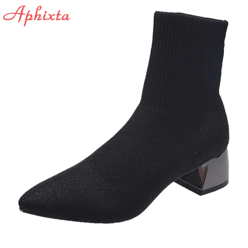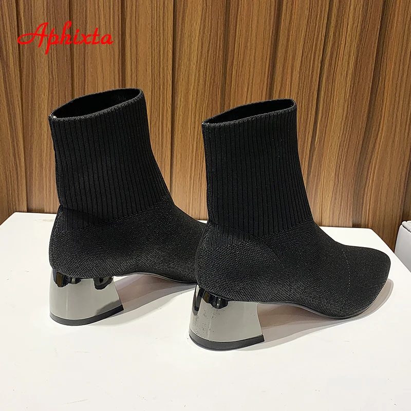Новинка 2021, блестящие женские ботинки-носки Aphixta, 6 см, на квадратном каблуке, стрейчевые, с острым носком, модные вязаные короткие ботильоны, обувь
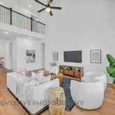 - Interior Features: Double Vanity, Entrance Foyer, High Ceilings, Kitchen Island, Kitchen Family Room Combo, Pantry, Quartz Counters, Soaking Tub, Separate Shower, Walk In Pantry, Ceiling Fans, Loft, Programmable Thermostat
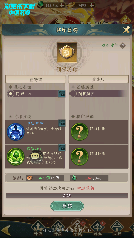 2.每次重铸都将消耗将印石和铜钱,将印品质越高,消耗的将印石越多。
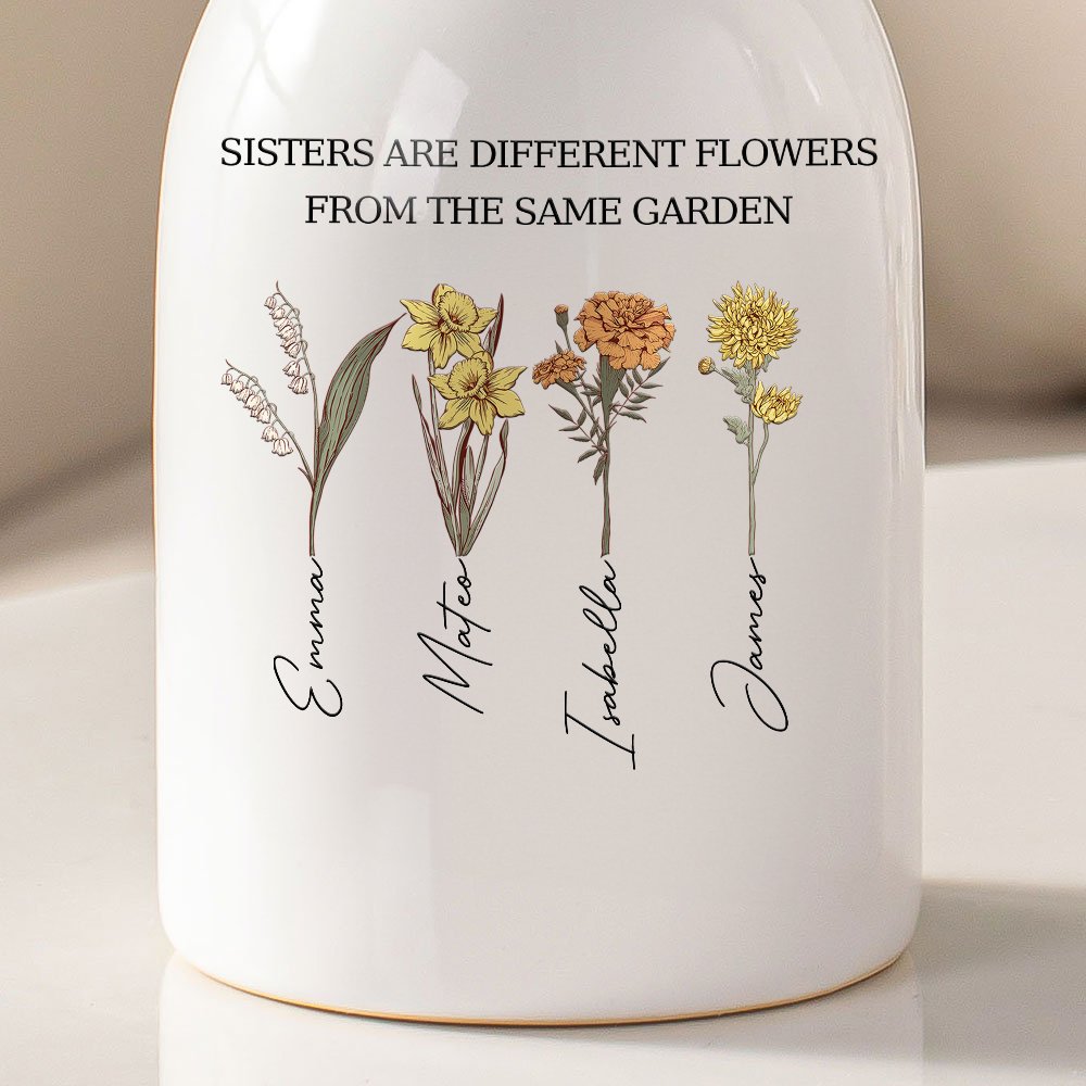 This ceramic vase beautifully combines 1-10 birth flowers with the touching phrase "Sisters Are Different Flowers From The Same Garden." Each birth flower represents a sister or friend, creating a visual representation of your shared bond. The fixed text highlights how each individual is unique yet connected. This design thoughtfully balances personalization with a universal message of love, making it a powerful symbol of your relationship.
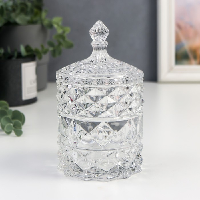 Шкатулка стекло цилиндр "Ромбики и купол" прозрачный 16х8,5х8,5 см
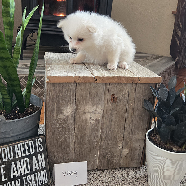 Viking is a handsome roly-poly guy full of sweetness & fun!! He is a purebred miniature American Eskimo who is fun-loving and smart making him easy to train. Viking loves to romp & play with his siblings & soaks up all the attention he gets from our three young children! He is just what you need for that special gift!! If you live in the Midwest, please check with us about meeting part-way for a small fee. Airline or ground transportation is also available.
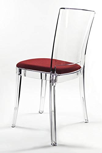 Lucienne Sedia Trasparente Neutro - Set 10 Pezzi - con Cuscino in Trevira Kat Rosso Tricolor - 16C2000
..............................
• **WORK TO COMPLETE**:
Set down only the lines running from the line with "This ceramic vase" to the end of the entries, inclusive; omit every picture.

• **ANSWER TO THIS EXERCISE**:
 This ceramic vase beautifully combines 1-10 birth flowers with the touching phrase "Sisters Are Different Flowers From The Same Garden." Each birth flower represents a sister or friend, creating a visual representation of your shared bond. The fixed text highlights how each individual is unique yet connected. This design thoughtfully balances personalization with a universal message of love, making it a powerful symbol of your relationship.
 Шкатулка стекло цилиндр "Ромбики и купол" прозрачный 16х8,5х8,5 см
 Viking is a handsome roly-poly guy full of sweetness & fun!! He is a purebred miniature American Eskimo who is fun-loving and smart making him easy to train. Viking loves to romp & play with his siblings & soaks up all the attention he gets from our three young children! He is just what you need for that special gift!! If you live in the Midwest, please check with us about meeting part-way for a small fee. Airline or ground transportation is also available.
 Lucienne Sedia Trasparente Neutro - Set 10 Pezzi - con Cuscino in Trevira Kat Rosso Tricolor - 16C2000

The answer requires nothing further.